What’s more, Ukrainian President Volodymyr Zelensky is Jewish and has said that three of his grandfather’s brothers were killed by German occupiers while his grandfather survived the war. That hasn’t stopped Russian officials from comparing Zelensky to Jews who were forced to collaborate with the Nazis during the Holocaust.

Russia’s war losses in Ukraine are far higher than Moscow admits, analysts believe. But will that spark anti-Putin sentiment?

Holocaust distortion

Putin’s attempts to stretch history for political motives is part of a trend seen in other countries as well.

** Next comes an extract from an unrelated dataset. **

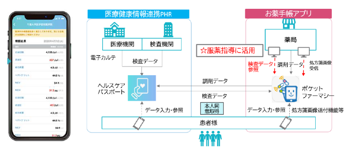 TISの地域医療情報連携サービス「ヘルスケアパスポート」の検査値を電子お薬手帳「ポケットファーマシー」へ連携

Most prominently is Poland, where authorities are advancing a nationalist narrative at odds with mainstream scholarship, including through a 2018 law that regulates Holocaust speech.

The legislation sought to fight back against claims that Poland, a victim of Nazi Germany, bore responsibility for the Holocaust. The law angered Israel, where many felt it was an attempt to whitewash the fact that some Poles did kill Jews during the German occupation during World War II. Yad Vashem also came out against the legislation.

Havi Dreifuss, a historian at Tel Aviv University and Yad Vashem, said the world was now dealing with both Holocaust denial and Holocaust distortion, where countries or institutions were bringing forth their own interpretations of history that were damaging to the commemoration of the Holocaust.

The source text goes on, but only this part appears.